You can try to keep all of the puzzle pieces within your direct field of view, but that divides your focus. You can hack that and make your field of view incredibly large, but that can potentially distort your sense of the relationships between things, their physical and cognitive magnitude. Bigger context isn't the answer, there's a missing fundamental structure and function to the overall architecture.

What you need is memory, that works when you process and consume information, at the moment of consumption. If you meet a new person, you immediately memorize their face. If you enter a room, it's instantly learned and mapped in your mind. Without that, every time you blinked after meeting someone new, it'd be a total surprise to see what they looked like. You might never learn to recognize and remember faces at all. Or puzzle pieces. Or whatever the lack of online learning kept you from recognizing the value of persistent, instant integration into an existing world model.

You can identify problems like this for any modality, including text, audio, tactile feedback, and so on. You absolutely, 100% need online, continuous learning in order to effectively deal with information at a human level for all the domains of competence that extend to generalizing out of distribution.

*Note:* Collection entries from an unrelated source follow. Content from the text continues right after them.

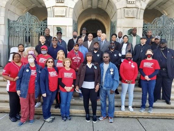Advocates and clergy outside City Hall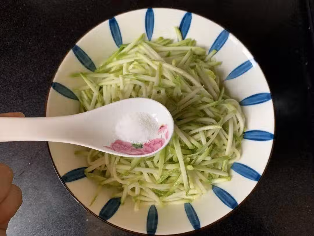 [1] 西葫蘆刨絲加少許鹽殺出水分,胡蘿蔔刨絲,雞蛋炒熟。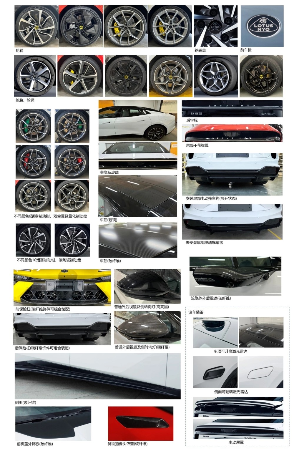 申報圖片顯示,路特斯 Emeya 純電超跑提供黑白兩種配色,車頂、流媒體外后視鏡、側(cè)圍、前機蓋外飾板、前后保險杠等均提供碳纖維套件。此外,該車車頂配備可升降激光雷達(dá),側(cè)面配備可翻轉(zhuǎn)激光雷達(dá),車尾配備主動尾翼。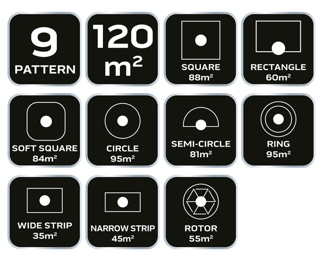 Köresőztető, öntöző, 15-780, NEO - gyepek, kertek és művelt területek öntözésére szolgál. 9 funkcióval rendelkezik, amelyek lehetővé teszik a különböző formájú és méretű területeken lévő növények egyidejű öntözését. A beállítható esőztetési lehetőségek: négyzet (88 m²), téglalap (60 m²), négyzet lekerekített sarkokkal (84 m²), kör (95 m²), félkör (81 m²), gyűrű (95 m²), széles szalag (35 m²), keskeny szalag (45 m²), rotor (55 m²).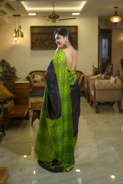 Black and Green Vishnu Puri Silk Saree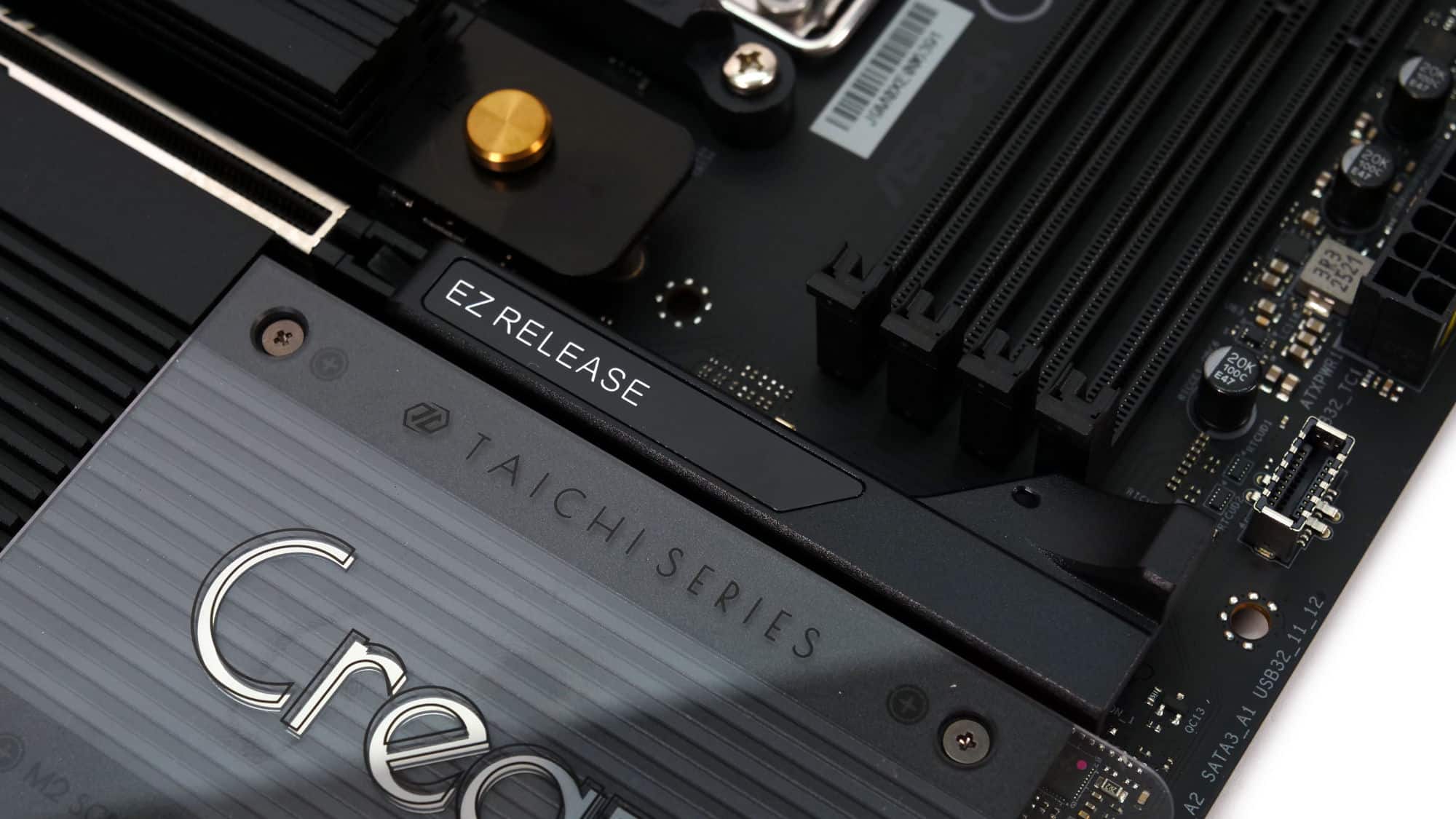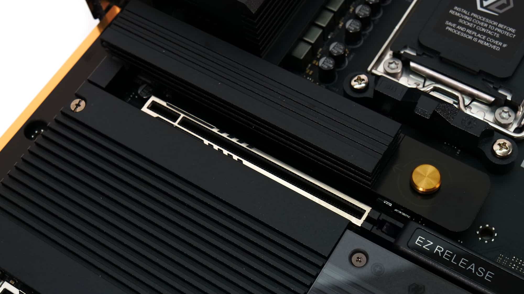Below that, you’ll find the main PCIe 5.0 x16 slot using ASRock’s EZ Connect release mechanism, a feature we wish every motherboard included.

It's probably not the last problem that needs solving before AGI, but it is definitely one of them, and there might only be a handful left.

Mammals instantly, upon perceiving a novel environment, map it, without even having to consciously make the effort. Our brains operate in a continuous, plastic mode, for certain things. Not only that, it can be adapted to abstractions, and many of those automatic, reflexive functions evolved to handle navigation and such allow us to simulate the future and predict risk and reward over multiple arbitrary degrees of abstraction, sometimes in real time.

https://www.nobelprize.org/uploads/2018/06/may-britt-moser-l...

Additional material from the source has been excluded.